All scripts and pipelines were developed by Federico Comoglio and Miguel Martinez-Ara.

Structure:

  • UpstreamPipeline contains a snakemake pipeline used to preprocess Upstream assay sequencing data.
  • DownstreamPipeline contains a snakemake pipeline used to preprocess Downstream assay sequencing data.
  • datteRo_1.2.1.tar.gz contains a custom R package developed by Federico Comoglio.

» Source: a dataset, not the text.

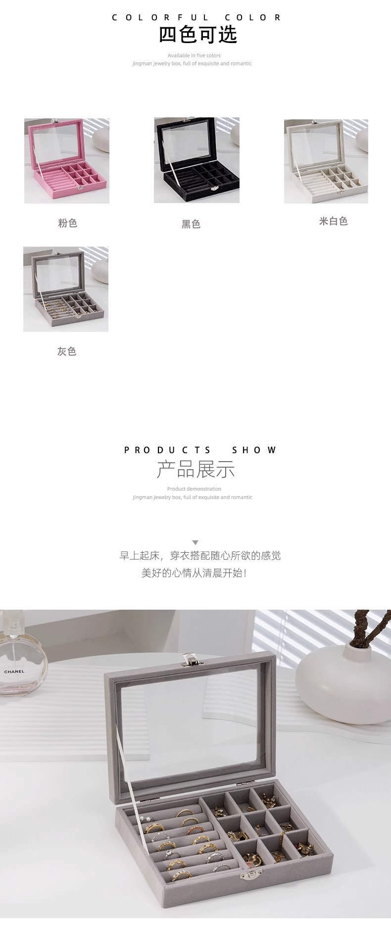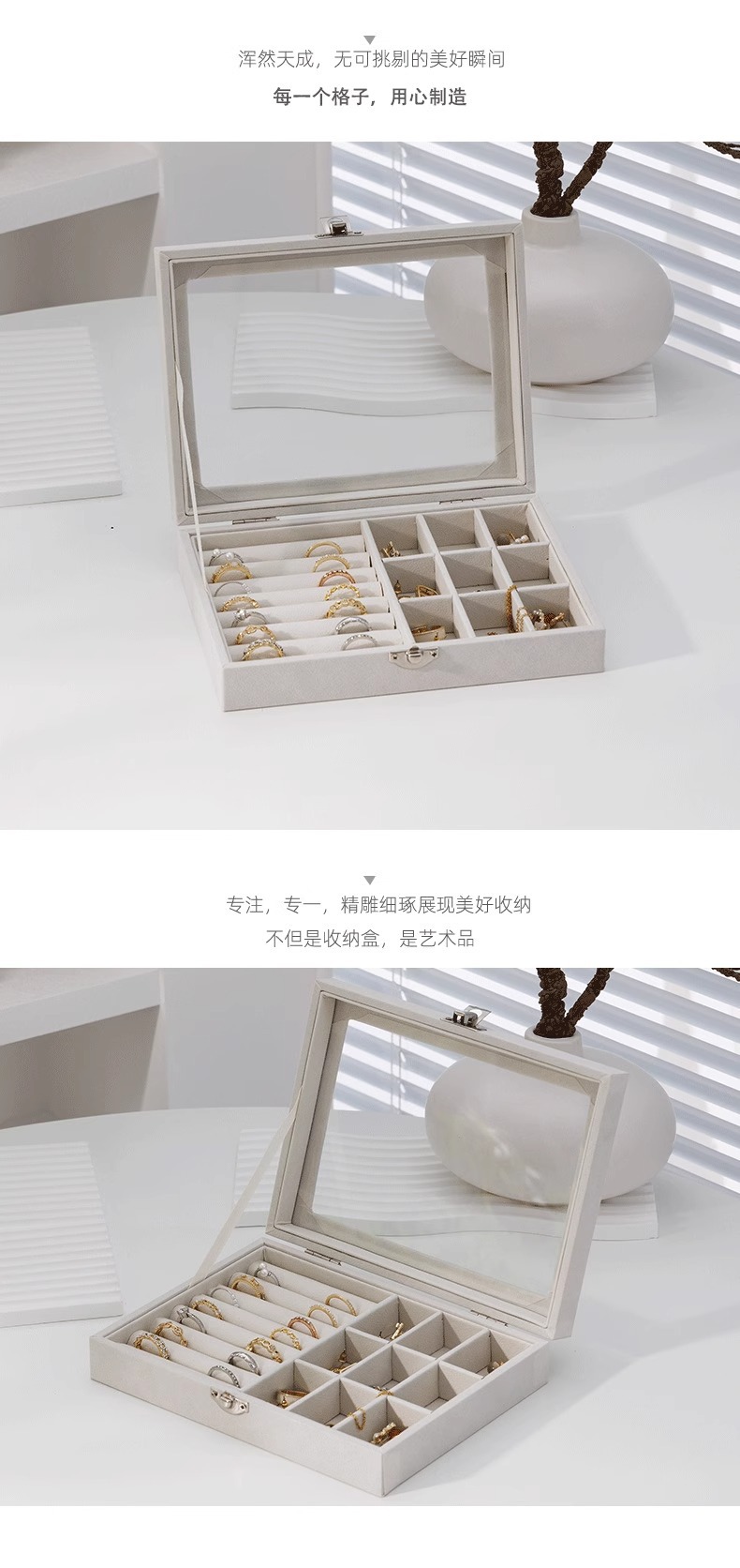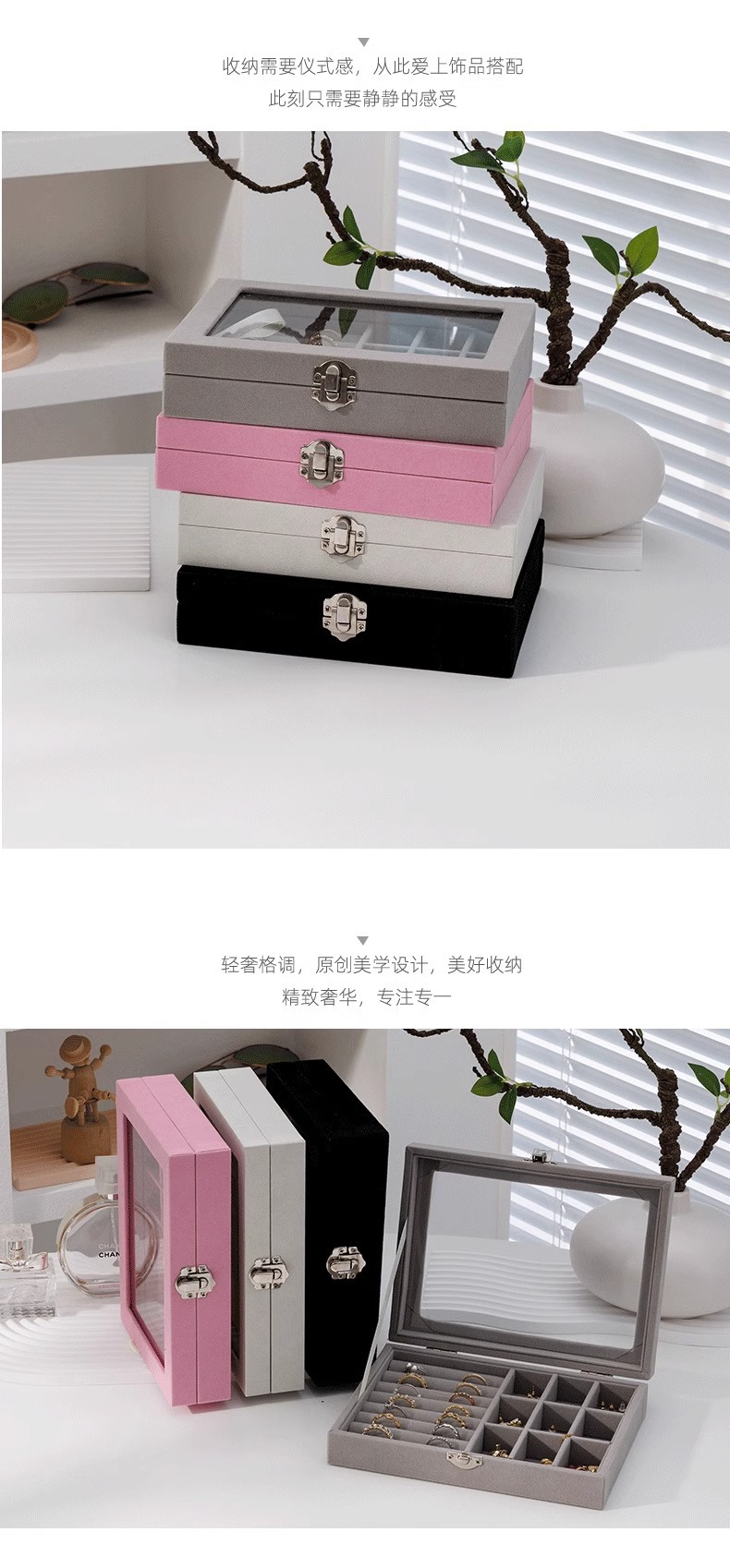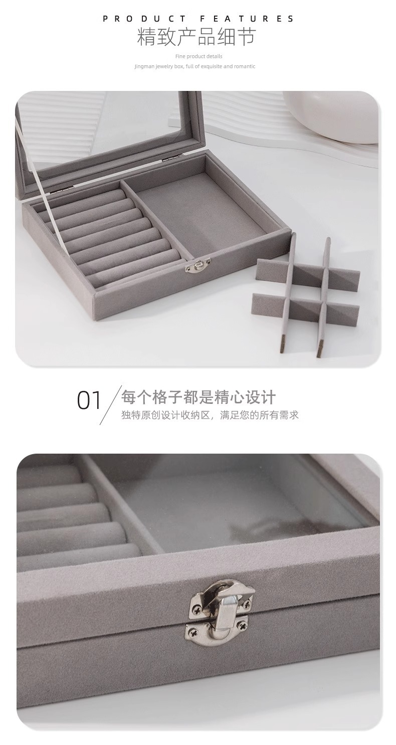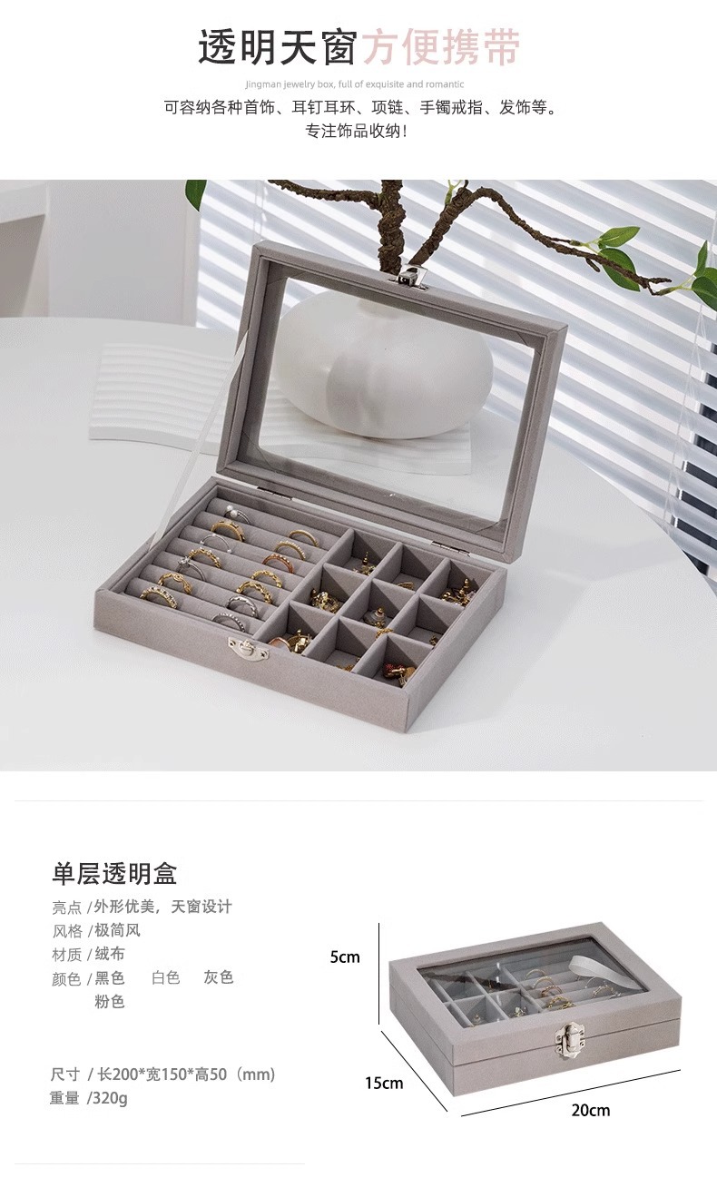 Joyero de alta gama Pendientes Collar Anillo Caja de almacenamiento simple de gran capacidad Caja de joyería exquisita de cuadrícula dividida portátil

The functions contained in this package are needed for processing of data in R scripts.
  • Rproj contains all R scripts used to process intermediate count tables to activities and boost indices, to perform analyses and to generate figures.
  • data contains processed activity and boost indices files, data needed for the design of cCRE-P libraries and external processed data needed for analyses (Except MicroC data and data from Bergman et al., 2021)

Snakemake pipelines

Both pipelines contain 2 workflows for data processing.

  • ipcr worflow extracts barcodes and fragment identities associated to them from paired end iPCR sequencing data.
  • ecn worflow extracts barcode counts from single end cDNA or pDNA sequencing data.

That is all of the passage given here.